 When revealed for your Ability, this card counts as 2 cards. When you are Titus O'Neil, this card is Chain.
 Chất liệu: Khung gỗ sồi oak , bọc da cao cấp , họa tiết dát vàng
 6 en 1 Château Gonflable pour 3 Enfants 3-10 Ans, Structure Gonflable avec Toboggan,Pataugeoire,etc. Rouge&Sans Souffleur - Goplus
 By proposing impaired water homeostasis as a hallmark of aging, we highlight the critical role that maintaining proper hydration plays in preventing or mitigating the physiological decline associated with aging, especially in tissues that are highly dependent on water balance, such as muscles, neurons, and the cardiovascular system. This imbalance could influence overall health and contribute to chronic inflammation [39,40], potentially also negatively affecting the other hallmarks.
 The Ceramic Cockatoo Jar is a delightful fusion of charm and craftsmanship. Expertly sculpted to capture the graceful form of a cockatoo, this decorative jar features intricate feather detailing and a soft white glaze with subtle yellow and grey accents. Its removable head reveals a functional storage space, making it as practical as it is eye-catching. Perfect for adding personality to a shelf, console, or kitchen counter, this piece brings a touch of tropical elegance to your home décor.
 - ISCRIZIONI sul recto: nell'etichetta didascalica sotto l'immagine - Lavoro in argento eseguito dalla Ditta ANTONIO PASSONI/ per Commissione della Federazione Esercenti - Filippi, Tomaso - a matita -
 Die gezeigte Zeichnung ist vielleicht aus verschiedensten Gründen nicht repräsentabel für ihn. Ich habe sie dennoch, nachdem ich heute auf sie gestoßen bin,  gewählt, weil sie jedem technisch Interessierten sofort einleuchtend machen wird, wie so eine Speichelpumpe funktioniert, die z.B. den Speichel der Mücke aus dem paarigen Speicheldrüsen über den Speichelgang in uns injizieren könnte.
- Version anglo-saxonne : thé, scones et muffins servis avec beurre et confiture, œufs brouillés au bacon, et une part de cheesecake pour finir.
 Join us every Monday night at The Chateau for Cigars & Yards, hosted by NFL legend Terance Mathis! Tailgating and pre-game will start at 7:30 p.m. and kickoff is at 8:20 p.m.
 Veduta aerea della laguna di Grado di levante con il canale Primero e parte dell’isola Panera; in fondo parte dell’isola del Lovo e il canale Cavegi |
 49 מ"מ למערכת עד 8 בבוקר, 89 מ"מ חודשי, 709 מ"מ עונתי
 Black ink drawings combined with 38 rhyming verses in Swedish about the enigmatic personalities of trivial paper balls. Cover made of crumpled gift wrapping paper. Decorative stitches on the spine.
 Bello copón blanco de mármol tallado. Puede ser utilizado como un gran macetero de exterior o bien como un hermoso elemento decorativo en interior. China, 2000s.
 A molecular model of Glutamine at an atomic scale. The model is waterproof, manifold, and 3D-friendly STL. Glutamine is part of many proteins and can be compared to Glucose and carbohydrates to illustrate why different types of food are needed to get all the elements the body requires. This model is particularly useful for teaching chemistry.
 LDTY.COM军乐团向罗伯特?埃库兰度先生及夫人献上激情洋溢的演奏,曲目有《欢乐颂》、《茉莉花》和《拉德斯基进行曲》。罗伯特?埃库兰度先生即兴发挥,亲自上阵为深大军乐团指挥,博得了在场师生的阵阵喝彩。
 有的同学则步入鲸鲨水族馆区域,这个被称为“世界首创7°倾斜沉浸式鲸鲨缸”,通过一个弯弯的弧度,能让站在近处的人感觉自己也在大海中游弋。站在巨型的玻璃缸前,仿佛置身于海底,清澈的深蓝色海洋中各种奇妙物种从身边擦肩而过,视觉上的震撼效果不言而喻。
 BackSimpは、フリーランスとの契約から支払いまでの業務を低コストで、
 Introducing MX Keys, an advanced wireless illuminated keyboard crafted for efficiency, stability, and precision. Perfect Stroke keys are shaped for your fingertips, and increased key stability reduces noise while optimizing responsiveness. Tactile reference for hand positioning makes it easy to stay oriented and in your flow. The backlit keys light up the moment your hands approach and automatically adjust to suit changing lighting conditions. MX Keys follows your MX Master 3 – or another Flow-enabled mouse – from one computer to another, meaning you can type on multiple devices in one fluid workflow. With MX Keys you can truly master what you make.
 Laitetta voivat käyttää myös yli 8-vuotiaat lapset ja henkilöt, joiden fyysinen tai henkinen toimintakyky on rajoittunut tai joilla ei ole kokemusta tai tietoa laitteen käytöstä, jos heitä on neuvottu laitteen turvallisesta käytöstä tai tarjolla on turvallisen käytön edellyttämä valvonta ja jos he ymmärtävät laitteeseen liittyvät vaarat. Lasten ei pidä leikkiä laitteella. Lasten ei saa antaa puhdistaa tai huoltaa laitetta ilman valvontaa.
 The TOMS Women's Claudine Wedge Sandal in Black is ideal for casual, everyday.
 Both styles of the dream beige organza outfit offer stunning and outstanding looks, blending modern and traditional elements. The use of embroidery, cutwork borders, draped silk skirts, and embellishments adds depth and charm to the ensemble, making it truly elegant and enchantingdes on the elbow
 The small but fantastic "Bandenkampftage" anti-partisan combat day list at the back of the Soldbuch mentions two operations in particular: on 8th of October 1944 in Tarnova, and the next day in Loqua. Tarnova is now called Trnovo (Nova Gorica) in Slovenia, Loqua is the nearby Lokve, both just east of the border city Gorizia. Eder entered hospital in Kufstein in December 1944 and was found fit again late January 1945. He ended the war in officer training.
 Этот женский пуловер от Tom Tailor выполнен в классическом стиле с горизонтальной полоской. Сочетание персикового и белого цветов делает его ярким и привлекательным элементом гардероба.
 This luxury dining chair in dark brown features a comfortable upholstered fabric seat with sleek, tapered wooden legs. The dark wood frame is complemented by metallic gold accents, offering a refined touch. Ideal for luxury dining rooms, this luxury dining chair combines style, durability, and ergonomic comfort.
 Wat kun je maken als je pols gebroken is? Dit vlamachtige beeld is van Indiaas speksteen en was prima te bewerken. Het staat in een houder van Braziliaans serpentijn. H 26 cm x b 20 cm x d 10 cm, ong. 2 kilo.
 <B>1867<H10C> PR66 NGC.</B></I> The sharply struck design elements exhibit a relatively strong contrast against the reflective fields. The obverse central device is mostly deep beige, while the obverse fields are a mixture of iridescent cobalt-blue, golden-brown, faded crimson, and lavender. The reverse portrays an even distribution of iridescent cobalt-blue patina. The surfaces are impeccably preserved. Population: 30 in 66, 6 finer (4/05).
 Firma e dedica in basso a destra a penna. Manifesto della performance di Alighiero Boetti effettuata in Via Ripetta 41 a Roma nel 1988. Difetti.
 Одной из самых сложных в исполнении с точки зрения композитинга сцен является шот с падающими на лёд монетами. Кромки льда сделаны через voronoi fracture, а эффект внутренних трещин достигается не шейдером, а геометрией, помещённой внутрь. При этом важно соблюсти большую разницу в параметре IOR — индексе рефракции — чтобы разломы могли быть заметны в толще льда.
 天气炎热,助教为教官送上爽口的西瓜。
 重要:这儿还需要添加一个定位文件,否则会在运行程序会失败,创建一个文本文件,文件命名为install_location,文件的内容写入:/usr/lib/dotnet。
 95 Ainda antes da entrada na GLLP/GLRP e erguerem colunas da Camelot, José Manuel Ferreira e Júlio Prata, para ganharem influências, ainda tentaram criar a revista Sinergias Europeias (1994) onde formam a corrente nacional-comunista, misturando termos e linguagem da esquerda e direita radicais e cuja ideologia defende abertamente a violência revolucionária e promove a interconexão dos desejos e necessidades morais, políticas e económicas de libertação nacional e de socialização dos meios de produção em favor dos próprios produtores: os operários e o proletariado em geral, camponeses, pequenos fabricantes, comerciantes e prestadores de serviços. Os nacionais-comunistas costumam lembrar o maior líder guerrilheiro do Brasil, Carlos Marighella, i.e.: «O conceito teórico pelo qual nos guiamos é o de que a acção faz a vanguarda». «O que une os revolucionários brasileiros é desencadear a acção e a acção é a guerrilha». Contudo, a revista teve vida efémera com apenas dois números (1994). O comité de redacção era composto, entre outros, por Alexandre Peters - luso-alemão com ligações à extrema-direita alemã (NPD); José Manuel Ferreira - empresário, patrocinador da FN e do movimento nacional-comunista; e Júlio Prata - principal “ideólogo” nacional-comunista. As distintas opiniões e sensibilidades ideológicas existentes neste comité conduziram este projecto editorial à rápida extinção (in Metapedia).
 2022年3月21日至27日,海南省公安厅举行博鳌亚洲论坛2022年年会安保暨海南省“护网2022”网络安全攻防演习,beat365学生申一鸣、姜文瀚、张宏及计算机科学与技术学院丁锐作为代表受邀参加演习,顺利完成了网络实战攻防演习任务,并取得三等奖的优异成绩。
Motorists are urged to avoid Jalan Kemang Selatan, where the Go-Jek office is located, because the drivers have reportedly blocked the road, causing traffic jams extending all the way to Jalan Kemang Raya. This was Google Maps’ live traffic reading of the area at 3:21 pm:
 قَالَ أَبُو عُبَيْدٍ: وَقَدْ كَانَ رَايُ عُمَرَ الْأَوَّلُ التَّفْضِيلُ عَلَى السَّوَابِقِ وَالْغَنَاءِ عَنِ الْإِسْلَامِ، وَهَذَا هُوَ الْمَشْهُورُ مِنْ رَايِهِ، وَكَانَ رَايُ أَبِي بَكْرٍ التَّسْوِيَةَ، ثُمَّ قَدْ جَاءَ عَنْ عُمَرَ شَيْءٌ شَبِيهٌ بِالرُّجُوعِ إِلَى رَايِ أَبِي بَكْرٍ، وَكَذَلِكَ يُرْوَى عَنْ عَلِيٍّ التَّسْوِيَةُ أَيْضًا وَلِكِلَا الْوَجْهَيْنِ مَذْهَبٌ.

◇ ◇ ◇ ◇ ◇

* [What you need to do] Every line above in which the word "Black" occurs needs to be copied.

* [Solution for this problem]
 Black ink drawings combined with 38 rhyming verses in Swedish about the enigmatic personalities of trivial paper balls. Cover made of crumpled gift wrapping paper. Decorative stitches on the spine.
 The TOMS Women's Claudine Wedge Sandal in Black is ideal for casual, everyday.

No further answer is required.